SoundCloud’s traffic is tanking — fast — according to just-released data. But don’t tell that to the guys that just bailed them out.
SoundCloud has more than just money problems. According to data shared with Digital Music News this morning, it has very serious traffic problems as well.
Since January of 2016, SoundCloud’s overall traffic has dipped by roughly 25 percent, according to tracking data shared by SimilarWeb. After pushing to nearly 400 million monthly uniques in early 2016, the site has recently dipped below 300 million.
The plunge has happened after roughly 16 months. That’s a loss of about 100 million unique users a month.
Here’s a quick look at the data compiled by SimilarWeb. The chart also include Spotify and Pandora, specifically for their sites.
This only tracks web-based access, which is far less important for Spotify and Pandora. In fact, it’s the least important component for Spotify, whose access is largely app-based (either PC/Mac or mobile).
So what about app-based traffic? Unfortunately for SoundCloud, Spotify is now crushing its competitors in this realm. And this is all the nasty, cannibalistic kind of growth that analysts talk about.
Here’s a look at Android decks, with both installs and engagement tracked.
Just recently, Spotify passed on a SoundCloud acquisition, at least according to industry rumors. That rejection may have been driven by the metrics above, with Spotify doing fine on its own. After all, why buy a lunch that you’re already eating?
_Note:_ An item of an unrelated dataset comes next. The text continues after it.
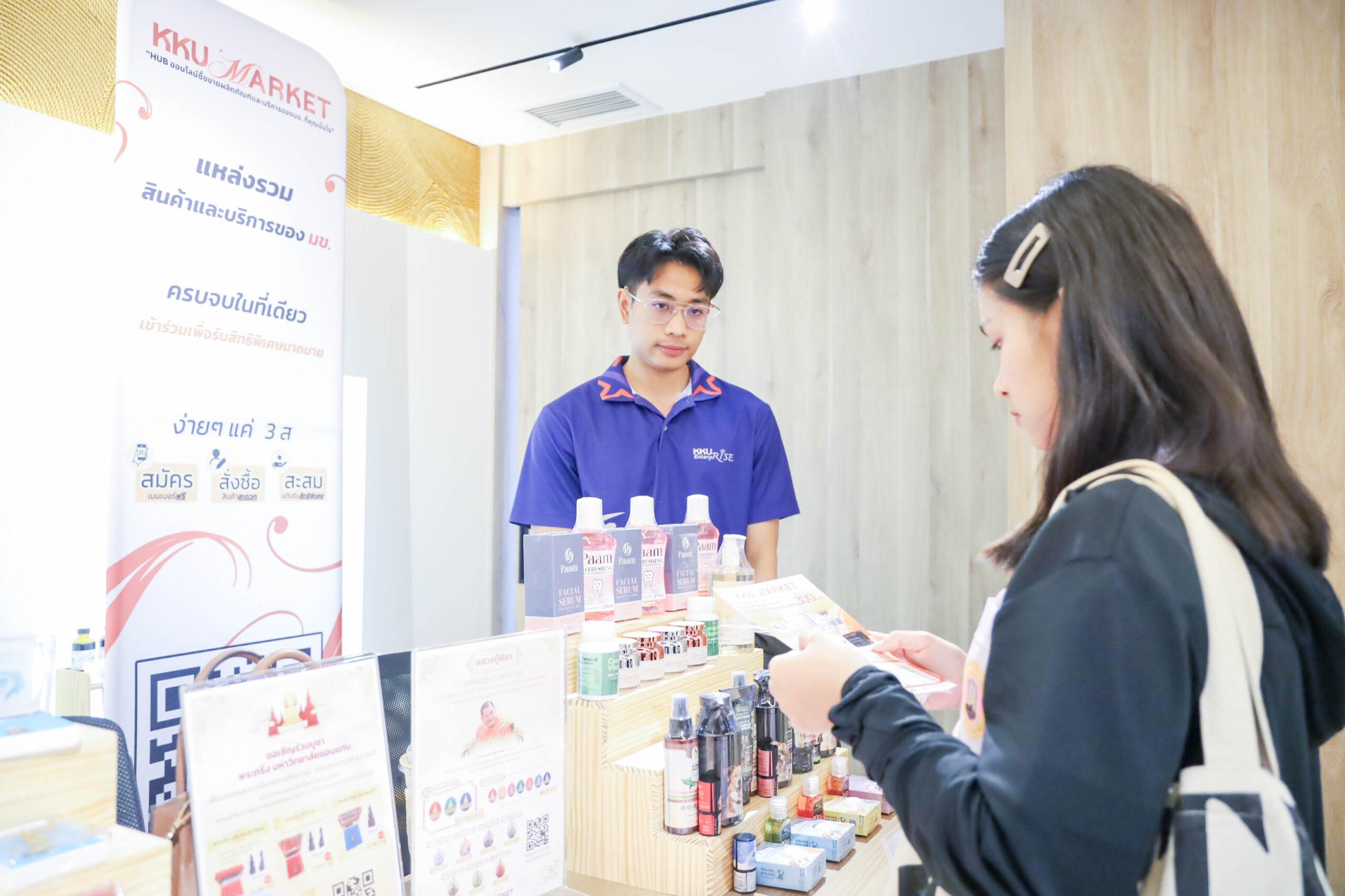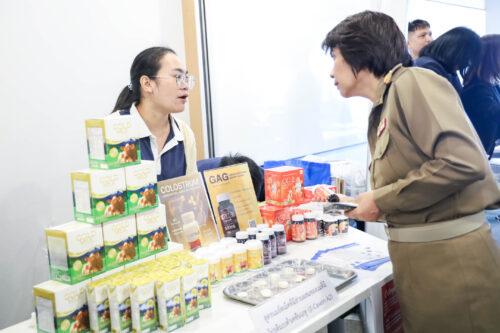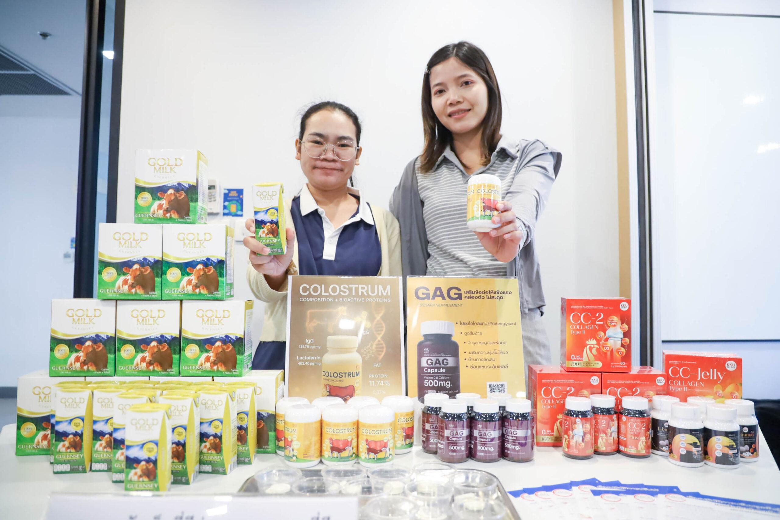 The atmosphere was vibrant, featuring presentations from nine KKU researchers who intensively shared their knowledge and innovations in medical and food technology. The showcased products included: an alpha-thalassemia 1 gene detection kit using the Polymerase Chain Reaction (PCR) technique on amniotic fluid and blood samples; a Gnathostoma spinigerum larva test kit detectable in both serum and via a finger-prick blood sample; corn soup/germinated black sticky rice milk powder formula/healthy porridge for perimenopausal and elderly individuals; ginger extract and mulberry extract capsules, and a ready-to-brew mung bean drink formula.

Incidentally, Pandora is struggling with its own turmoil, including the recent ouster of CEO Tim Westergren. But Pandora is still eclipsing SoundCloud on the app front, despite stagnant user growth and engagement.
Meanwhile, the mess around SoundCloud is reaching do-or-die status.
Just recently, the company managed to secure a $170 million rescue bailout, but not without significant compromises from existing investors. That included a serious leadership shakeup, with company founder Alexander Ljung stripped of his CEO stripes. And that was just one of several serious changes.
Now, it’s up to incoming CEO Kerry Trainor to steer the ship away from the rocks — and try to reclaim an audience that’s quickly waving bye-bye.